→ YOUR GOAL
The whole listing should come back exactly as written, except for the pictures.

→ DATASET EXTRACT
****************************************

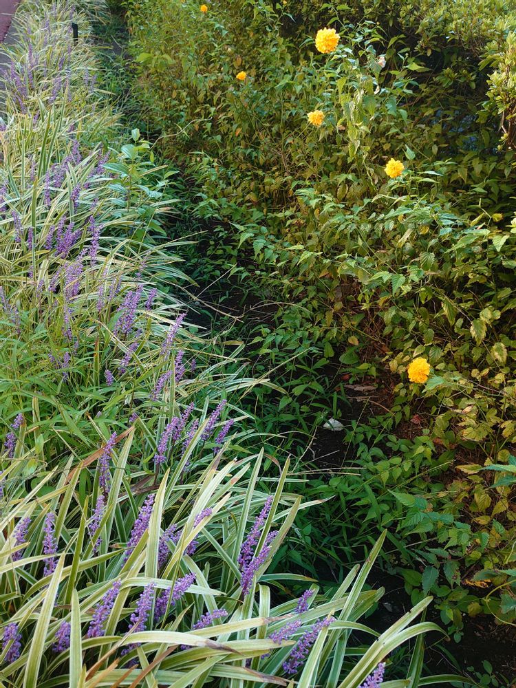 5️⃣ヤブランと八重のヤマブキ💜💛ヤブランは今が盛りですね綺麗に咲いています💜
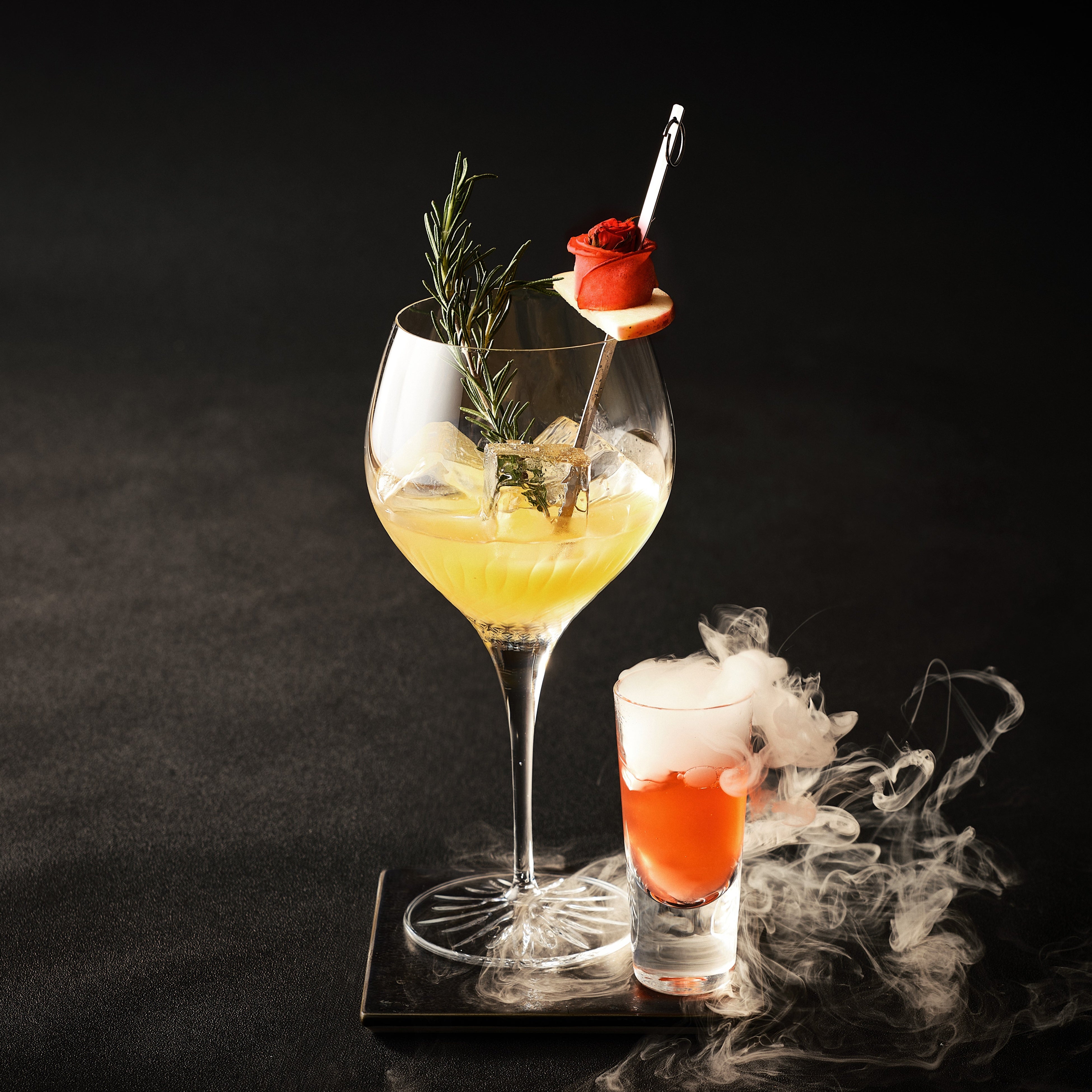 アップル ブランデー オン ザ ロックス オード パルファムからインスパイアされたカクテルは、フレグランスの持つブランデーの芳醇な香りと艶やかなリンゴの果実をイメージ。アップル ブランデーにカルヴァドス、アマレット、リンゴジュース、清涼感を表現したライムジュース、ラ・フランスジュース、クランベリージュースの組み合わせが、クールでモダンな香りを表現しています。
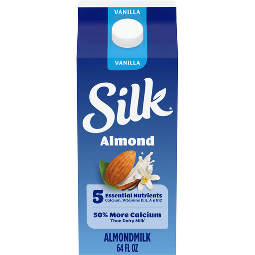 Treat yourself to this smooth and seriously creamy Silk Vanilla Almondmilk. Made with three kinds of almonds grown by Mother Nature and picked at the peak of ripeness, this lactose free milk has a perfect mix of quality and flavor. Plus, its smooth vanilla flavor makes it an extraordinary tasting plant based milk that you can use throughout your day. It tastes great in a bowl of cereal or in your favorite smoothies. Every serving of this non dairy milk has Vitamin D to help support strong bones and 50% more calcium than dairy milk**. Silk Almondmilk is totally free of dairy, soy, lactose, gluten, casein, egg, and MSG. Looking for lactose free and gluten free cooking or baking supplies? Silk Almondmilk makes an excellent addition to sauces and baked goods. Whether you’re making a bowl of cereal, drinking straight out of a glass or enjoying a frothy coffee, trust Silk — the Original Plant Pioneer. Today Silk supports regenerative agriculture because we believe in the power of plants for people and the planet. It’s not just almondmilk, it’s Milk of the Land***. Read more about our story on our packaging. Enjoy all of the Silk products, including vegan milk, non dairy creamers and dairy free yogurt varieties. *See Nutrition Facts for sugar and calorie content. **Silk Vanilla Almondmilk: 470mg of calcium per cup; reduced fat dairy milk: 309mg of calcium per cup. USDA FoodData central, 2022. ***From plants, not cows. Not nutritionally equivalent to dairy milk.

****************************************

→ EXERCISE OUTPUT
 5️⃣ヤブランと八重のヤマブキ💜💛ヤブランは今が盛りですね綺麗に咲いています💜
 アップル ブランデー オン ザ ロックス オード パルファムからインスパイアされたカクテルは、フレグランスの持つブランデーの芳醇な香りと艶やかなリンゴの果実をイメージ。アップル ブランデーにカルヴァドス、アマレット、リンゴジュース、清涼感を表現したライムジュース、ラ・フランスジュース、クランベリージュースの組み合わせが、クールでモダンな香りを表現しています。
 Treat yourself to this smooth and seriously creamy Silk Vanilla Almondmilk. Made with three kinds of almonds grown by Mother Nature and picked at the peak of ripeness, this lactose free milk has a perfect mix of quality and flavor. Plus, its smooth vanilla flavor makes it an extraordinary tasting plant based milk that you can use throughout your day. It tastes great in a bowl of cereal or in your favorite smoothies. Every serving of this non dairy milk has Vitamin D to help support strong bones and 50% more calcium than dairy milk**. Silk Almondmilk is totally free of dairy, soy, lactose, gluten, casein, egg, and MSG. Looking for lactose free and gluten free cooking or baking supplies? Silk Almondmilk makes an excellent addition to sauces and baked goods. Whether you’re making a bowl of cereal, drinking straight out of a glass or enjoying a frothy coffee, trust Silk — the Original Plant Pioneer. Today Silk supports regenerative agriculture because we believe in the power of plants for people and the planet. It’s not just almondmilk, it’s Milk of the Land***. Read more about our story on our packaging. Enjoy all of the Silk products, including vegan milk, non dairy creamers and dairy free yogurt varieties. *See Nutrition Facts for sugar and calorie content. **Silk Vanilla Almondmilk: 470mg of calcium per cup; reduced fat dairy milk: 309mg of calcium per cup. USDA FoodData central, 2022. ***From plants, not cows. Not nutritionally equivalent to dairy milk.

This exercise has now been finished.